◆ TASK OBJECTIVE
Print exactly the lines below between the line holding "Kuba s Jíjou" and the line holding "先生の伴奏に合わせて、ラバーズコンチェルトをリコーダーで演奏する6年生。", inclusive, and nothing more.

◆ LISTED ENTRIES

<<<<

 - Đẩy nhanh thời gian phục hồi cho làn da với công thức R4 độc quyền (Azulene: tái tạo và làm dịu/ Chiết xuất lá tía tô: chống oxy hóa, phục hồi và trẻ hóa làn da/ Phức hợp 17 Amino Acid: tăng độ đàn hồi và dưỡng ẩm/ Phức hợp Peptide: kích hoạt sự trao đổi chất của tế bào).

>>>>
<<<<

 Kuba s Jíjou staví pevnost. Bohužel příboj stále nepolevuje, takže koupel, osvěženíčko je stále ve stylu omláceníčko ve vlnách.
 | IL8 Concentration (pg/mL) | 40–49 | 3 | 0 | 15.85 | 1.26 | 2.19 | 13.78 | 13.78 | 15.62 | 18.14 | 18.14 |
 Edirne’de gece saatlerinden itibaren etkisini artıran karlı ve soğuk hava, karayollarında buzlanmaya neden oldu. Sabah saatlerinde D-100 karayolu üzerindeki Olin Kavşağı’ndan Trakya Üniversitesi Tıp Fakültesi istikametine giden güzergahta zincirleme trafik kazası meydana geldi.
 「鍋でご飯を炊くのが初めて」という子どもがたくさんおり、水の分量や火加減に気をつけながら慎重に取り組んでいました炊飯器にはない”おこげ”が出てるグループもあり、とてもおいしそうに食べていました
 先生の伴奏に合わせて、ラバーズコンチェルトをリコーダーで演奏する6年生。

>>>>

◆ EXERCISE SOLUTION
 Kuba s Jíjou staví pevnost. Bohužel příboj stále nepolevuje, takže koupel, osvěženíčko je stále ve stylu omláceníčko ve vlnách.
 | IL8 Concentration (pg/mL) | 40–49 | 3 | 0 | 15.85 | 1.26 | 2.19 | 13.78 | 13.78 | 15.62 | 18.14 | 18.14 |
 Edirne’de gece saatlerinden itibaren etkisini artıran karlı ve soğuk hava, karayollarında buzlanmaya neden oldu. Sabah saatlerinde D-100 karayolu üzerindeki Olin Kavşağı’ndan Trakya Üniversitesi Tıp Fakültesi istikametine giden güzergahta zincirleme trafik kazası meydana geldi.
 「鍋でご飯を炊くのが初めて」という子どもがたくさんおり、水の分量や火加減に気をつけながら慎重に取り組んでいました炊飯器にはない”おこげ”が出てるグループもあり、とてもおいしそうに食べていました
 先生の伴奏に合わせて、ラバーズコンチェルトをリコーダーで演奏する6年生。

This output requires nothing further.